Boil/slow cook the gammon (skin on) covered by full fat coke & pineapple (or either/or). Sometimes I add 5-6 whole cloves and a teaspoon (ish, I never measure!) of black peppercorns. Boil then simmer until the gammon reaches at least 71C (time depends on the size of the joint).
I have asbestos hands so I don’t bother let it cool before the next part… (please be careful lol).
Using a sharp knife, cut the skin off, but make sure you leave a layer of fat on the joint (take off any string or that weird plastic wrapper some joints have before you do this lol).
I cut a series of diagonal cuts across the fat, turn the joint & cut diagonal lines the other way to make diamonds in the fat. Don’t cut into the meaty bit.
If you’re feeling fancy, you can stud every diamond with a whole clove.

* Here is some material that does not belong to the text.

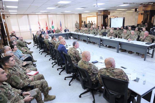عُقد قبل ظهر اليوم في مبنى قيادة الجيش – اليرزة اجتماع لجنة الإشراف العليا على برنامج المساعدات لحماية الحدود البرية، بحضور قائد الجيش العماد رودولف هيكل، والسفير الأميركي ميشال عيسى والسفير البريطاني Hamish Cowell والسفير الكندي Gregory Galligan، إلى جانب عدد من ضباط القيادة وقادة الوحدات، وأعضاء فريق العمل المشترك اللبناني – البريطاني – الأميركي، وفريق التدريب الكندي (CTAT). خلال الاجتماع، عُرضت المراحل المنفَّذة من البرنامج والخطوات المقبلة لتلبية حاجات الوحدات العسكرية المكلّفة بضبط الحدود الشمالية والشرقية ومكافحة التهريب والتسلل غير الشرعي، والتحديات التي تواجهها هذه الوحدات وسط التطورات الراهنة.
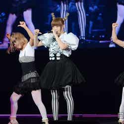 腰にパンダのぬいぐるみをつけたキュートなモノトーン衣装で登場したきゃりーは、10月17日発売の3rdシングル「ファッションモンスター」、1stシングル「つけまつける」の2曲をパフォーマンス。

Preheat an oven to 180c, put the scored joint on a baking sheet.
Make up a concoction of whole grain mustard, honey & brown sugar (a wodge, maybe a tablespoon of honey). Paste this wonderous gloop all over the diamonds (I kind of wiggle the diamonds to get the mixture in the cracks) and cook for about 10 mins until brown & bubbling.
Don’t walk away for a wee, because it will invariably burn before you’ve finished! I know this from experience, but then my oven hates me (I swear it knows what I’m thinking & smirks when I walk out the kitchen).
And that’s how I cook gammon.
Sometimes I’ll throw orange peel into the pot, a couple of bay leaves, the odd onion.
If I slow cook it, I use high until the liquid boils, then turn it onto low for around 6 hrs (depending on size, the smallest I usually cook is 1.2kg).